Starting at the line below with "三重野 銀之助さんの総格は47画の5点!" and stopping at the line with "Below is a list", please print each line exactly, those two included, and skip every picture.

-------- Data to use --------

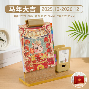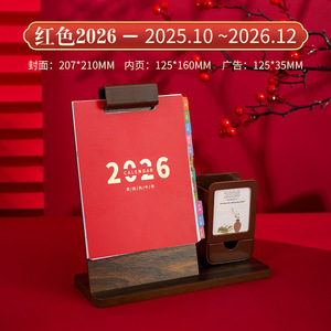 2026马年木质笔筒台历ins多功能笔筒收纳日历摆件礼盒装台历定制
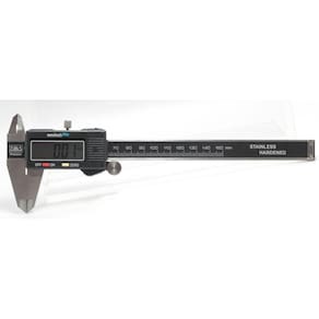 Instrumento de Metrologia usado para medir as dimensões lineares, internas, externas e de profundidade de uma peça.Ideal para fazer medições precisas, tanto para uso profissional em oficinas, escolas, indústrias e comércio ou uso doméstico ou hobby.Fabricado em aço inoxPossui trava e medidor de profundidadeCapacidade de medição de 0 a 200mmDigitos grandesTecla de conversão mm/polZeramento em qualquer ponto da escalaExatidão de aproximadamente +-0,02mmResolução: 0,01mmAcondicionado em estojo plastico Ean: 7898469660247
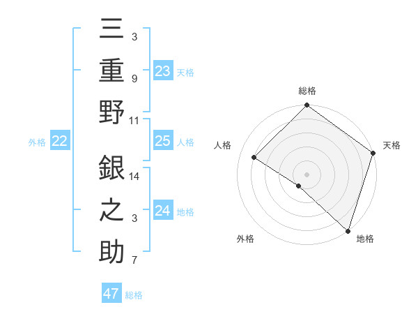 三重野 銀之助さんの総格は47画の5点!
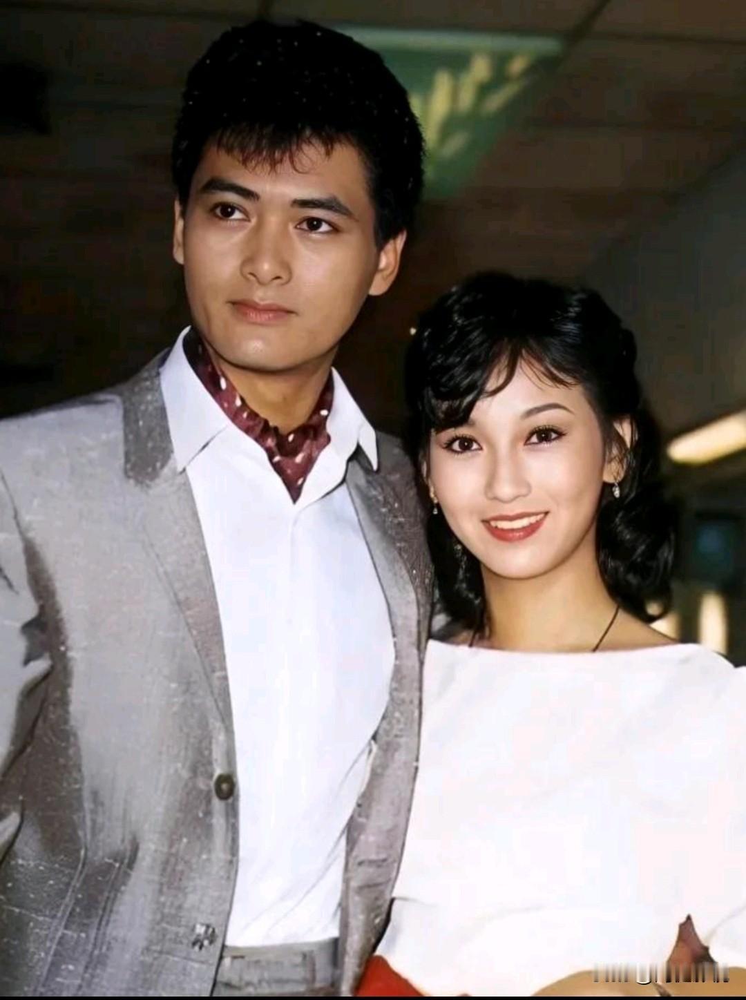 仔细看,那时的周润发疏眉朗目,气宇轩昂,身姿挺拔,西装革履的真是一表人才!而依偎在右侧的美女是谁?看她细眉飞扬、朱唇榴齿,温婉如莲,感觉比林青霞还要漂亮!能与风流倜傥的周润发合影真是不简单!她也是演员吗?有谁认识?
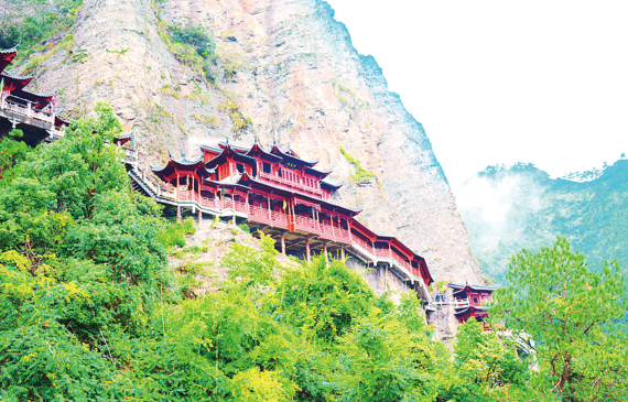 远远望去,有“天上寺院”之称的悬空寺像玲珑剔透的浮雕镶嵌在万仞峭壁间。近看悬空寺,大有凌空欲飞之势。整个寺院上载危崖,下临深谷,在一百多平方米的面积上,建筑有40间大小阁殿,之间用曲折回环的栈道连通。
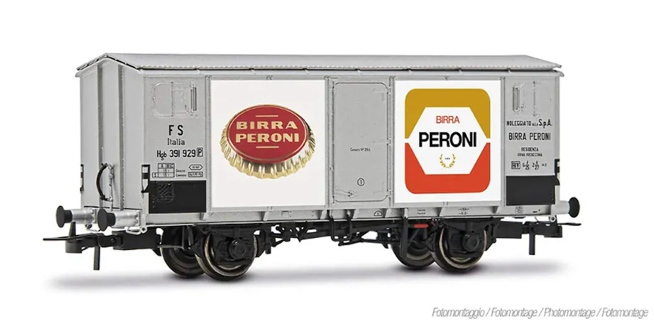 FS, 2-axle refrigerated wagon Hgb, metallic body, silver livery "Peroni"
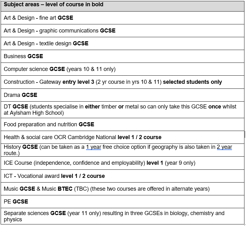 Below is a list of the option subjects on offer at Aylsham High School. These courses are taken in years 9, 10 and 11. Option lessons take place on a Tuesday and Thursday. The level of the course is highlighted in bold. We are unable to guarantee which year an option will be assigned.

--------
-------- Data to use --------

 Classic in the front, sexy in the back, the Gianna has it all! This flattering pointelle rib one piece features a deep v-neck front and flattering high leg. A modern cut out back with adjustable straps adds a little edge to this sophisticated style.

--------

_Response to the task_:
 三重野 銀之助さんの総格は47画の5点!
 仔细看,那时的周润发疏眉朗目,气宇轩昂,身姿挺拔,西装革履的真是一表人才!而依偎在右侧的美女是谁?看她细眉飞扬、朱唇榴齿,温婉如莲,感觉比林青霞还要漂亮!能与风流倜傥的周润发合影真是不简单!她也是演员吗?有谁认识?
 远远望去,有“天上寺院”之称的悬空寺像玲珑剔透的浮雕镶嵌在万仞峭壁间。近看悬空寺,大有凌空欲飞之势。整个寺院上载危崖,下临深谷,在一百多平方米的面积上,建筑有40间大小阁殿,之间用曲折回环的栈道连通。
 FS, 2-axle refrigerated wagon Hgb, metallic body, silver livery "Peroni"
 Below is a list of the option subjects on offer at Aylsham High School. These courses are taken in years 9, 10 and 11. Option lessons take place on a Tuesday and Thursday. The level of the course is highlighted in bold. We are unable to guarantee which year an option will be assigned.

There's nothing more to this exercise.